Another problem is the ambiguity of the statutory language, which makes it difficult for a nonprofit organization, especially one that is newly formed, to know whether a purchase is tax exempt or not. The Act's distinction between exempt and nonexempt sales requires a nonprofit to determine whether every purchase is eligible for the exemption. This presents an administrative hurdle and results in uneven application of the law.
The straightforward language of the bill would clear up the ambiguity and allow nonprofit organizations to devote their resources to fulfilling their charitable purposes, instead of paying sales taxes. By setting a $5,000 cap on the sales price of any item or vehicle used to raise funds or obtain resources, in order for the exemption to apply, the bill would ensure that nonprofits did not abuse the exemption, and would help limit its cost to the State.

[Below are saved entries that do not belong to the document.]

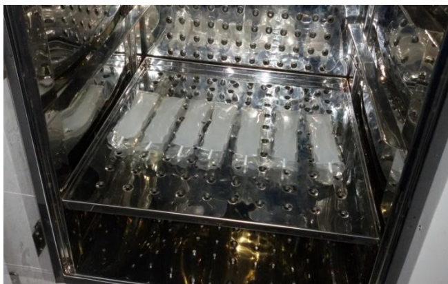
Fig 1: Preservation of boar semen (A.I. doses) in a BOD incubator.

The semen samples having more than 85 per cent initial sperm motility and live sperm having minimum sperm concentration of 200 million/ml were used for preservation. The suitable semen samples were diluted with Modena extender (Moretti J, 1981 [6] ) @ 1:4 and hold for four hours in incubator at 22° C. After the holding period, the semen samples were preserved in BOD incubator at 15°C. For artificial insemination, semen doses were prepared in plastic sachets procured from IMV Technologies, France. 75 to 100 ml of extended semen containing 2.5 to 3.0 billion motile sperm was maintained in a semen dose. The semen was transported in a specialized cool cabinet operating at 15° to 18° C or an insulated box to the field for artificial insemination.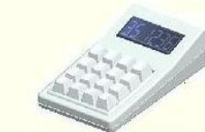
1) Simple keypad with customized firmware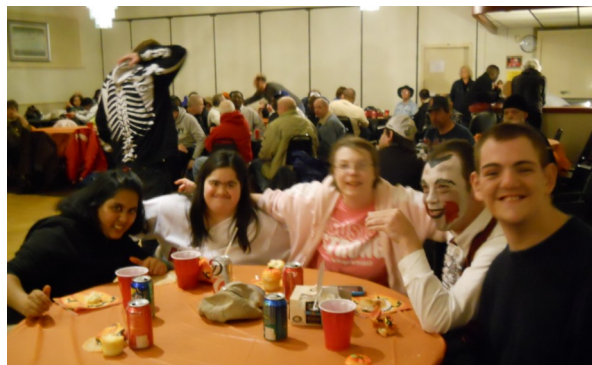
GWArc participants enjoy each other's company at GWArc's Halloween Dance.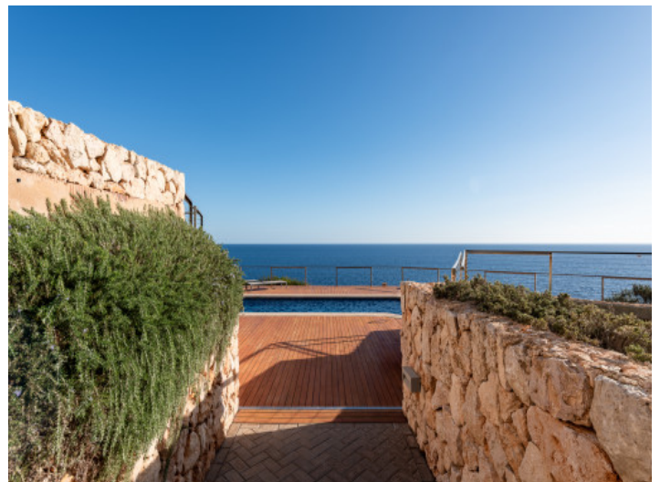
Path leading to the pool

All information is correct to the best of our knowledge. Errors and prior sale excepted. This prospectus is purely for information purposes. Only the notarized deed of sale is legally binding.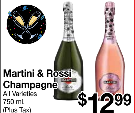
Martini & Rossi Champagne All Varieties 750 ml. (Plus Tax)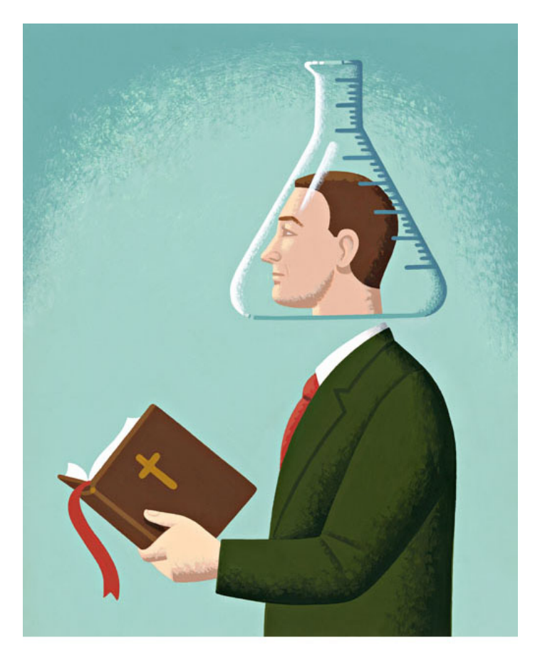
client: The Chronicle of Higher Education - faith vs science.

View the full portfolio at http://www.thecreativefinder.com/adamniklewicz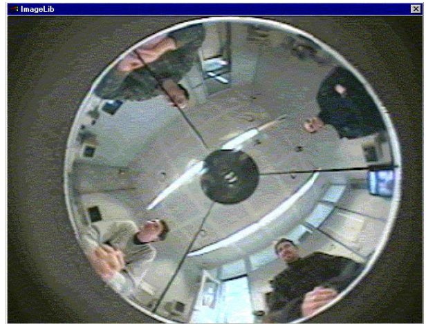
Figure 6: Meeting scene as captured with the panoramic camera

shows the rectified panoramic image (with faces marked) of the camera view depicted in Figure 6.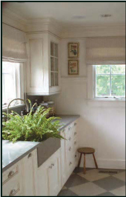
Classic white Hollandlac kitchen.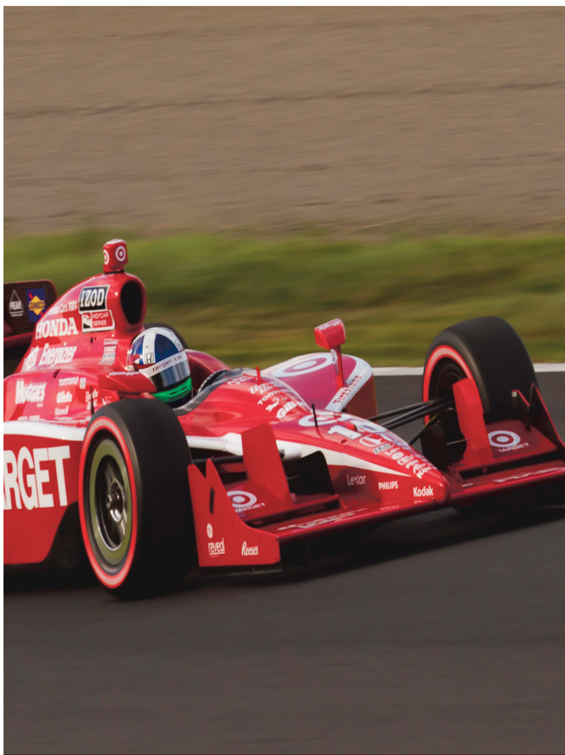
Dario Franchitti at the 2011 Indy Japan 300 qualifiers. The 2025 Indycar season began in St. Petersburg, Fla.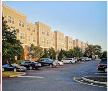
Residence Inn by Marriott

Legislative Analyst: Suzanne Lowe
FISCAL IMPACT
The bill would reduce General Fund and School Aid Fund revenue by an unknown amount. The current exemption for sales to nonprofit organizations is estimated to have reduced sales tax revenue by approximately $166.8 million in FY 2010-11. Many of the sales that would be affected by the language of the bill are likely already exempt because property such as computers, vehicles, and stationary can serve multiple functions. If the bill increased the impact of the exemption by 5%, it would reduce revenue by approximately $8.3 million.
The bill would not affect local unit revenue or expenditure.
This analysis was prepared by nonpartisan Senate staff for use by the Senate in its deliberations and does not constitute an official statement of legislative intent.